SalvadorL’état d’urgence instauré après une vague d’homicides
En 24 heures, le petit pays d’Amérique centrale déplore 62 meurtres. Pour endiguer le fléau, l’état d’urgence a été instauré cette nuit par le parlement.
Le Parlement du Salvador, à la demande du président Nayib Bukele, a approuvé dimanche l’instauration de l’état d’urgence pour un mois dans ce petit pays d’Amérique centrale afin de lutter contre la violence des gangs criminels, accusés d’avoir commis 62 meurtres en 24 heures.
Le décret, approuvé par une large majorité du Parlement, dispose «qu’un régime d’urgence est déclaré sur l’ensemble du territoire national en raison de graves troubles à l'ordre public par des groupes criminels».
Il restreint la liberté de réunion, l’inviolabilité de la correspondance et des communications, le droit à voir un avocat en détention et autorise les arrestations sans mandat. Nayib Bukele a également décrété «l’alerte maximale» dans toutes les prisons.
«Toutes les cellules seront fermées 24H sur 24H et 7 jours sur 7, personne n’est autorisé à en sortir», a tweeté le président. «C’est un message adressé aux gangs: à cause de vos agissements, vos gars ne verront pas un rayon de soleil».
Cet état d’urgence «permettra à notre gouvernement de protéger la vie des Salvadoriens et de faire face à la criminalité», a assuré le président de l’Assemblée législative Ernesto Castro, sur Twitter.
Le président Bukele a précisé que pour «la vaste majorité des gens, la vie continuera comme avant (...) à moins que vous ne soyez membre d’un gang ou soyez considéré comme suspect par les autorités».Munis de fusils d’assaut et équipés de gilets pare-balles, des policiers et des militaires patrouillent les rues tout en procédant à des arrestations.
Selon le bilan officiel, le département central de La Libertad a enregistré depuis vendredi douze homicides, suivi par la capitale San Salvador et par le département d’Ahuachapan (ouest), avec neuf meurtres chacun. Le reste est réparti dans les onze autres départements du pays. La police et l’armée du Salvador ont lancé samedi une opération contre la Mara Salvatrucha, un des plus dangereux gangs du pays.

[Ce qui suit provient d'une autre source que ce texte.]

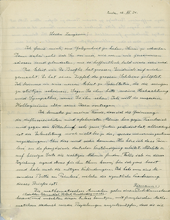 Dans le cas du fonds Paul Langevin, près de 8500 documents ont été « récolés », c’est à dire décrits pièce par pièce, restaurés s’il le fallait, mis à plat et reconditionnés dans du matériel adapté, avant d’être envoyés à la numérisation avec les consignes de nommage des fichiers, de la gestion des pages blanches, etc… Au retour du prestataire, le contrôle des images et des métadonnées d’une part, puis leur chargement dans la plateforme de diffusion numérique, en l’occurrence la Bibliothèque numérique de PSL, terminent le cycle des opérations. Pendant ce temps, se déroulent en parallèle l’étude des droits de diffusion et la recherche des ayants droit. Les oeuvres de Paul Langevin sont dans le domaine public depuis le 1er janvier 2017, mais ce n’est pas le cas de tous les documents du fonds. Une recherche auteur par auteur a été nécessaire afin de déterminer les ayants droit et d’obtenir les autorisations de diffusion. Ce besoin a fait l’objet d’une consultation juridique et d’une étude généalogique par des cabinets spécialisés.
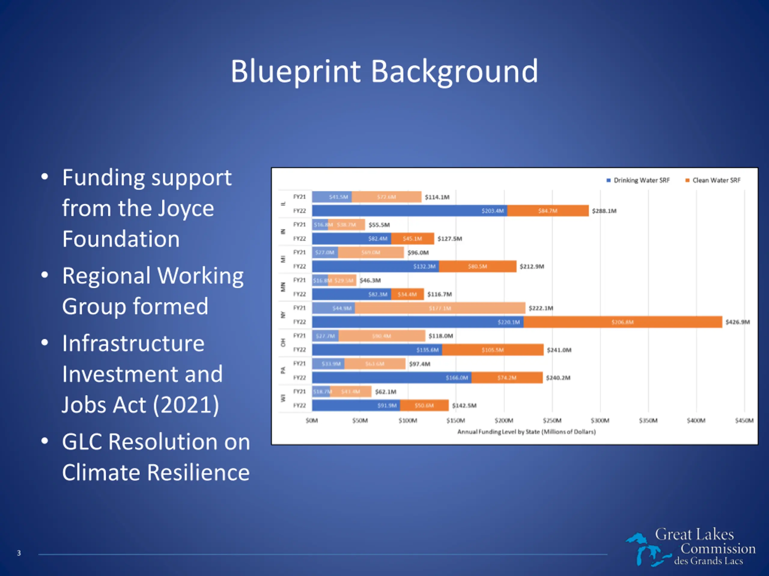 Blueprint Background Funding support from the Joyce Foundation Regional Working Group formed Infrastructure Investment and Jobs Act (2021) GLC Resolution on Climate Resilience 3
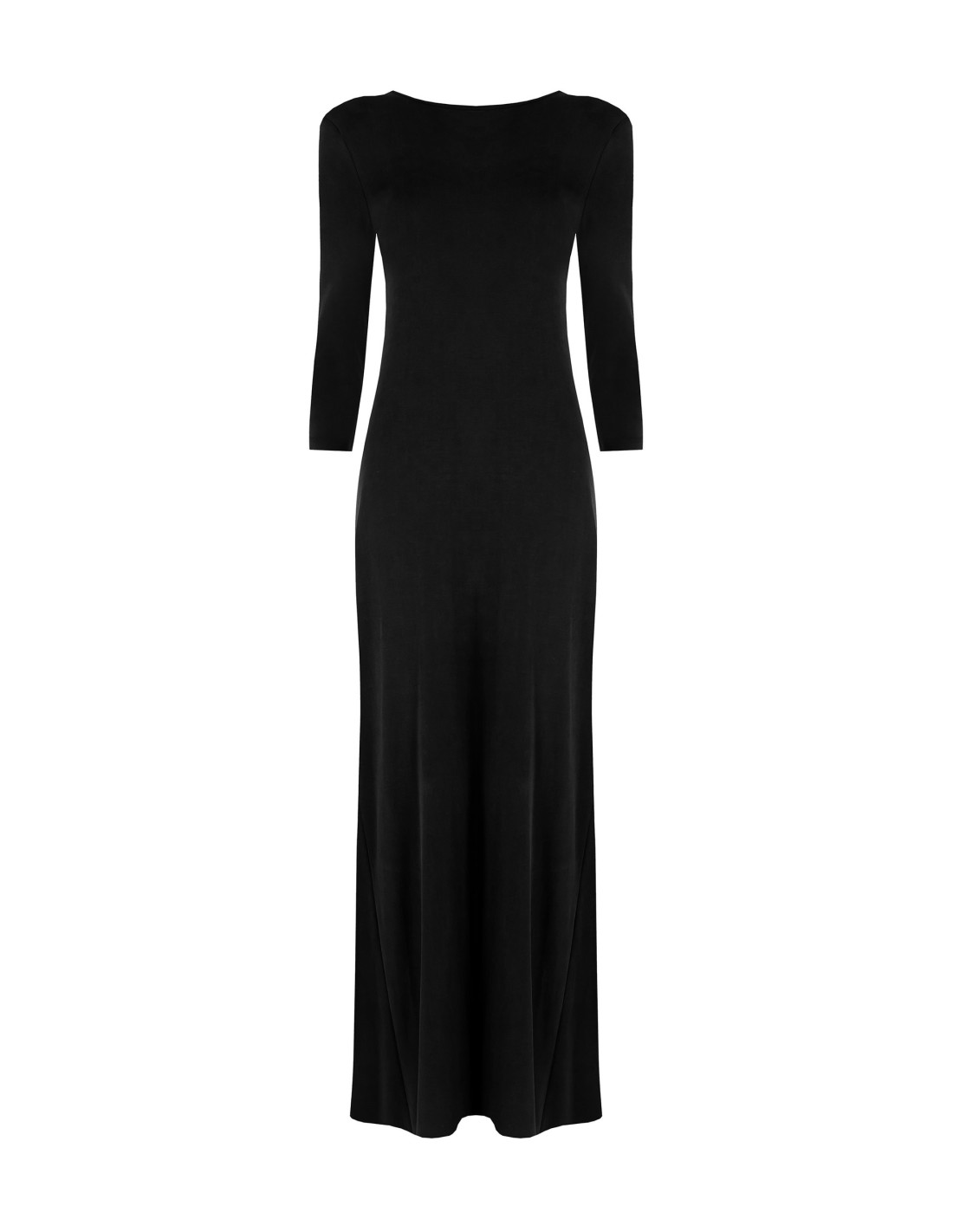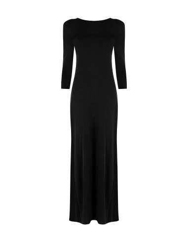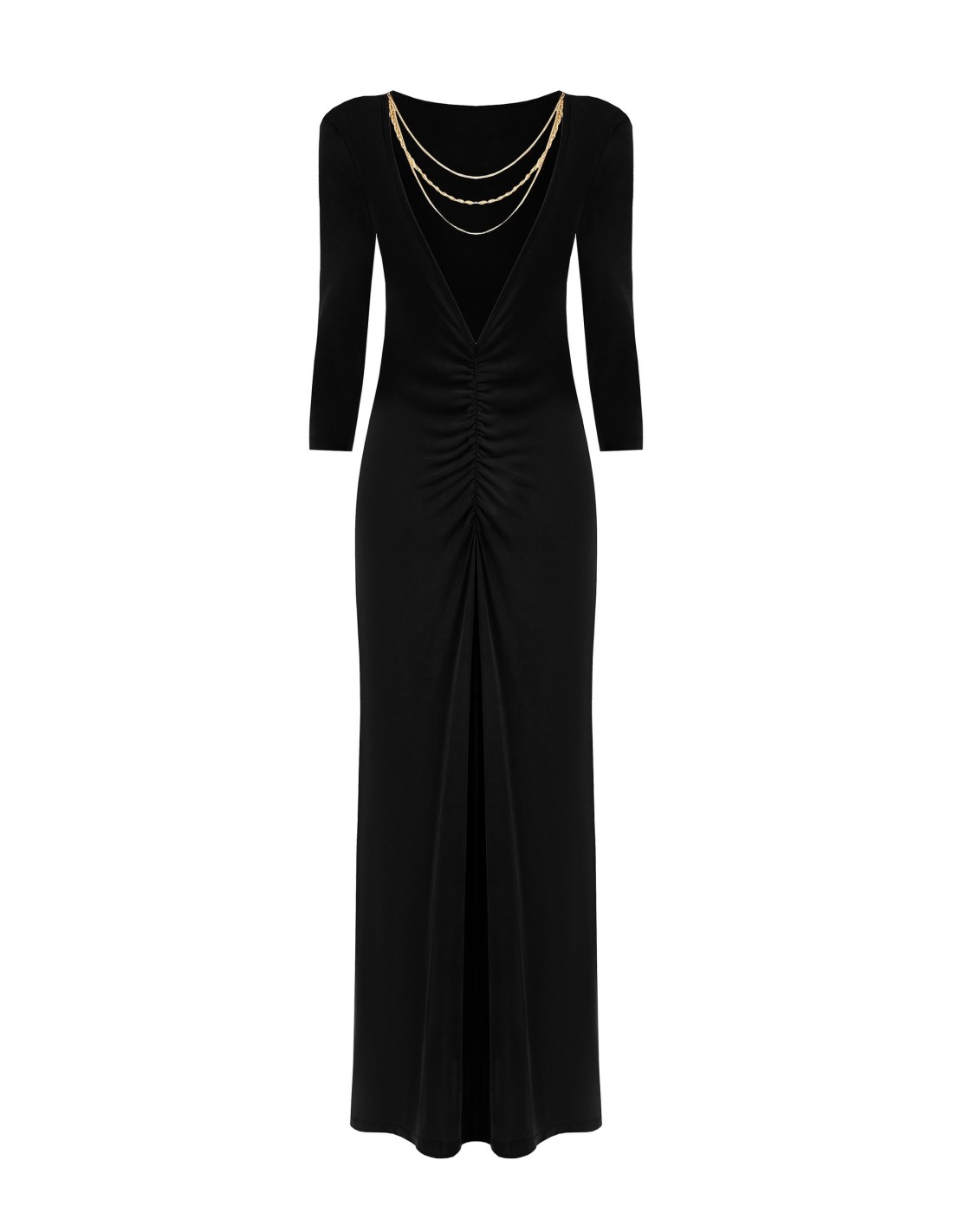 Rinascimento assina um vestido comprido fluido de manga 3/4 com um corte justo mas confortável. A camisola macia e elástica realça a silhueta. Na frente, decote em V profundo com correntes de jóias e folho central que adelgaça. Perfeito para festas e jantares especiais; com um blazer, ideal também para o escritório à noite.
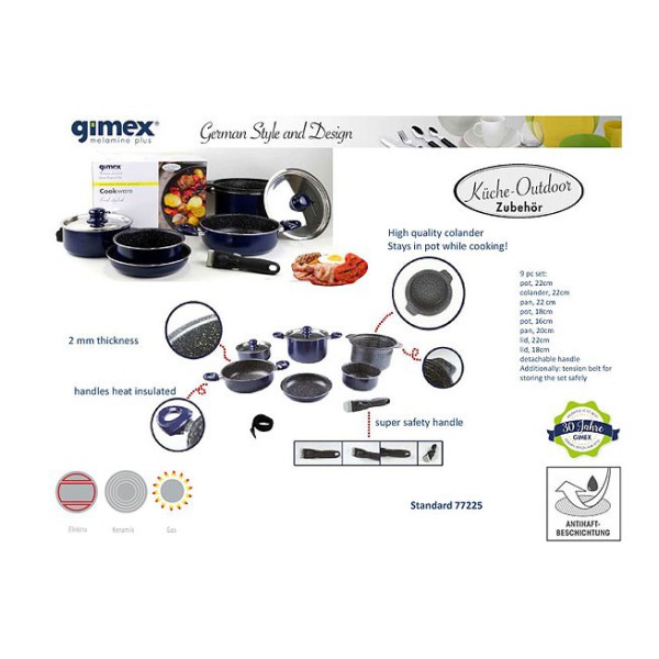 Hochwertiges Kochset aus leichtem Aluminium mit Antihaftbeschichtung. Alle Artikel sind aus mind. 2 mm dickem Material und hochwertig verarbeitet. Der abnehmbare Griff hat eine Sicherheitsverriegelung, um ungewolltes Öffnen zu verhindern, der Marke GIMEX.

Plusieurs chefs du gang ont été arrêtés et sont accusés d’être «responsables des homicides recensés ces dernières heures», a indiqué la police. Les autorités ont précisé dimanche soir que «plus de 600 membres de gangs» ont été arrêtés.
«Rebond des homicides»
Selon la Constitution salvadorienne, l’état d’urgence peut être mis en place «en cas de guerre, d’invasion du territoire, de rébellion, de sédition, de catastrophe, d’épidémie ou d’autre calamité générale, ou de graves perturbations de l’ordre public». Le chef de l’Etat a demandé au bureau du procureur de traiter avec la même «efficacité» tous les cas de membres de gangs, prévenant qu’il garderait un oeil sur «les juges qui favorisent les criminels».
«Nous ne reculerons pas dans cette guerre contre les gangs, nous ne nous reposerons pas tant que les criminels responsables de ces actes ne seront pas capturés et traduits en justice», a tweeté la police. La Mara Salvatrucha, Barrio 18 et d’autres gangs vivant principalement du trafic de drogue et de l’extorsion comptent environ 70’000 membres au Salvador, dont plus de 17’000 sont incarcérés, selon les autorités.
L’ONG Human Rights Watch suit «avec inquiétude la grave augmentation des homicides» au Salvador, a fait savoir Juan Pappier, chercheur au sein de la division Amériques de l’organisation. «Il est urgent que le gouvernement protège la population avec des mesures durables qui respectent les droits de l’homme. La politique de sécurité doit toujours s’inscrire dans le cadre de l’Etat de droit», a-t-il ajouté.
Le président salvadorien, âgé de 40 ans et au pouvoir depuis 2019, bénéficie d’une forte popularité due notamment à ses promesses de lutter contre le crime organisé. Mais ses penchants autoritaires lui valent des critiques véhémentes de ses opposants et de la communauté internationale.
Le Salvador a recensé 1140 homicides en 2021 -soit 18 pour 100’000 habitants-, le chiffre le plus bas depuis la fin de la guerre civile en 1992.